• **Aim of the task**
Drop the pictures and restate the rest of the listing word for word.

• **Data records**
:::::

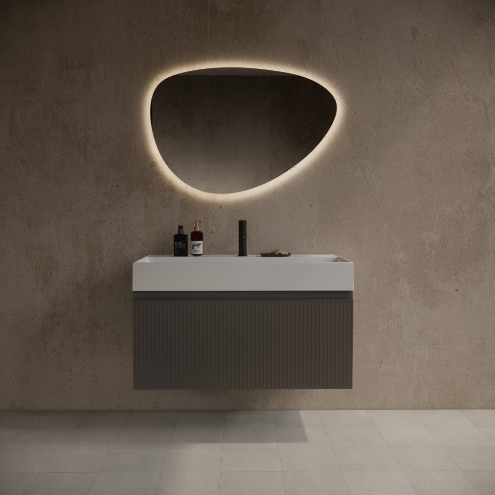 Badkamermeubel Yuki 100cm mat grijs inclusief wastafel robuust glans wit met kraangat
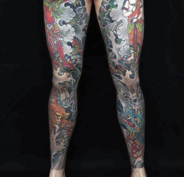 传统花腿纹身--18张传统风格的大花腿纹身图案作品
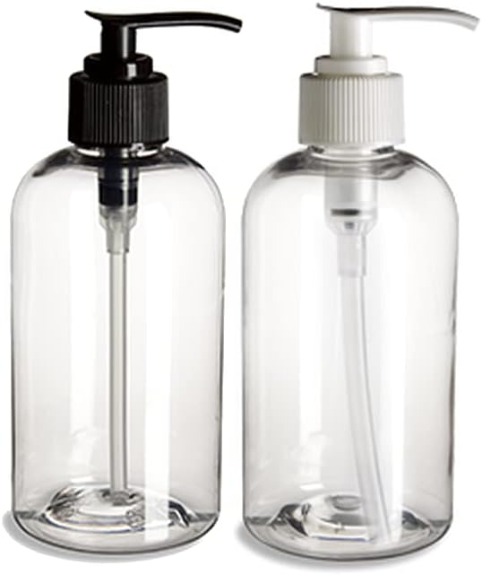 Specifications: Material: Plastic Quantity: 2 pack Shape: Boston Round Packaging: 2 X 8 oz Clear plastic bottle with pump.
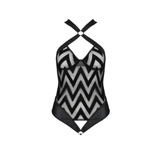 Hima Body black XXL/XXXL - Passion, потрясающее сетчатое боди с бретелькой на шее и ритмичным рисунком, в котором вы будете чувствовать себя сексуально и уверенно. Эта вещь идеально подходит для тех, кто хочет добавить изюминку в свою коллекцию нижнего белья, или для тех, кто ищет что-то особенное для романтической ночи.
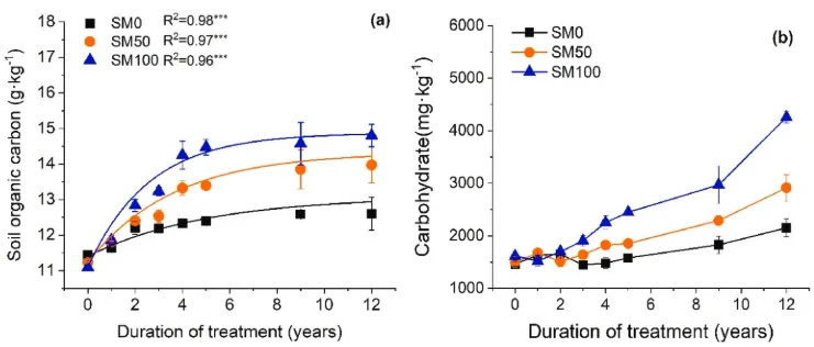 图1. (a)土壤有机碳(SOC)的时间动态;(b) 2007-2019年期间的土壤碳水化合物(中性糖)(n=3,误差条=SE)。星号表示单指数回归的显著性水平:*P<0.05、**P<0.01和***P<0.001。SM0,0%秸秆覆盖;SM50,50%秸秆覆盖和SM100,100%秸秆覆盖。
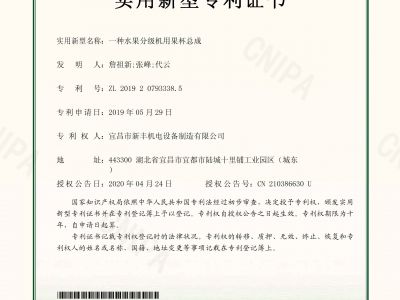 實(shí)用新型專(zhuān)利證書(shū)《一種水果分級(jí)機(jī)用果杯總成》
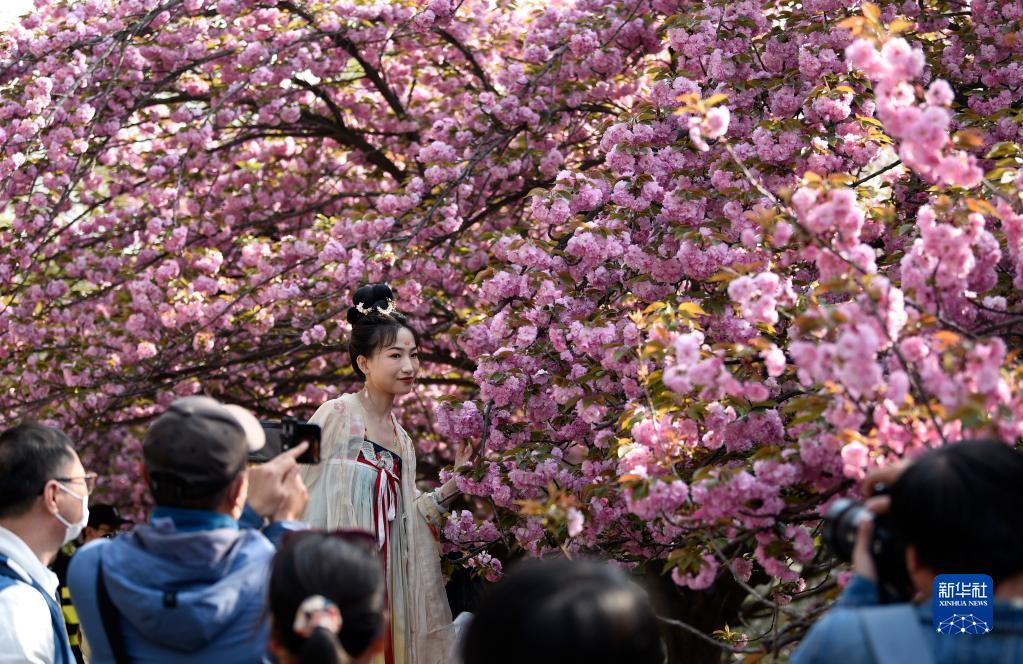 陜西省西安市青龍寺遺址景區內,國風愛好者在賞花留影(3月31日攝)。
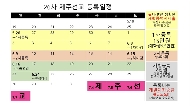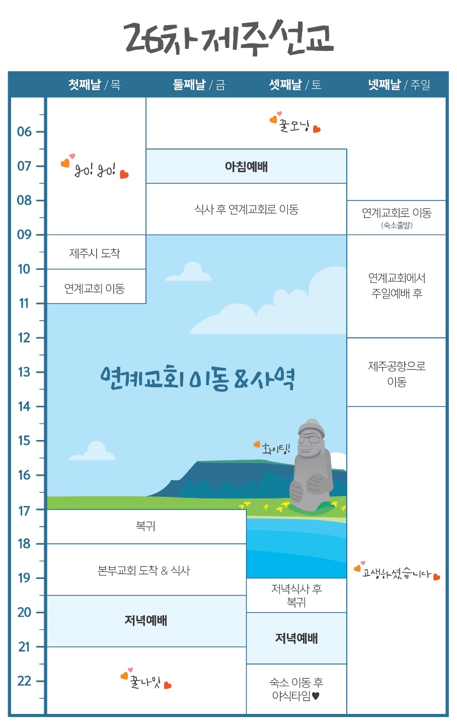 | ■ 제주선교 7월 4-7일 목금토일. 진별로 평균 5개 정도 교회가 연계되어 진행됩니다. 많은 기도바랍니다. |

:::::

• **Written solution**
 Badkamermeubel Yuki 100cm mat grijs inclusief wastafel robuust glans wit met kraangat
 传统花腿纹身--18张传统风格的大花腿纹身图案作品
 Specifications: Material: Plastic Quantity: 2 pack Shape: Boston Round Packaging: 2 X 8 oz Clear plastic bottle with pump.
 Hima Body black XXL/XXXL - Passion, потрясающее сетчатое боди с бретелькой на шее и ритмичным рисунком, в котором вы будете чувствовать себя сексуально и уверенно. Эта вещь идеально подходит для тех, кто хочет добавить изюминку в свою коллекцию нижнего белья, или для тех, кто ищет что-то особенное для романтической ночи.
 图1. (a)土壤有机碳(SOC)的时间动态;(b) 2007-2019年期间的土壤碳水化合物(中性糖)(n=3,误差条=SE)。星号表示单指数回归的显著性水平:*P<0.05、**P<0.01和***P<0.001。SM0,0%秸秆覆盖;SM50,50%秸秆覆盖和SM100,100%秸秆覆盖。
 實(shí)用新型專(zhuān)利證書(shū)《一種水果分級(jí)機(jī)用果杯總成》
 陜西省西安市青龍寺遺址景區內,國風愛好者在賞花留影(3月31日攝)。
 | ■ 제주선교 7월 4-7일 목금토일. 진별로 평균 5개 정도 교회가 연계되어 진행됩니다. 많은 기도바랍니다. |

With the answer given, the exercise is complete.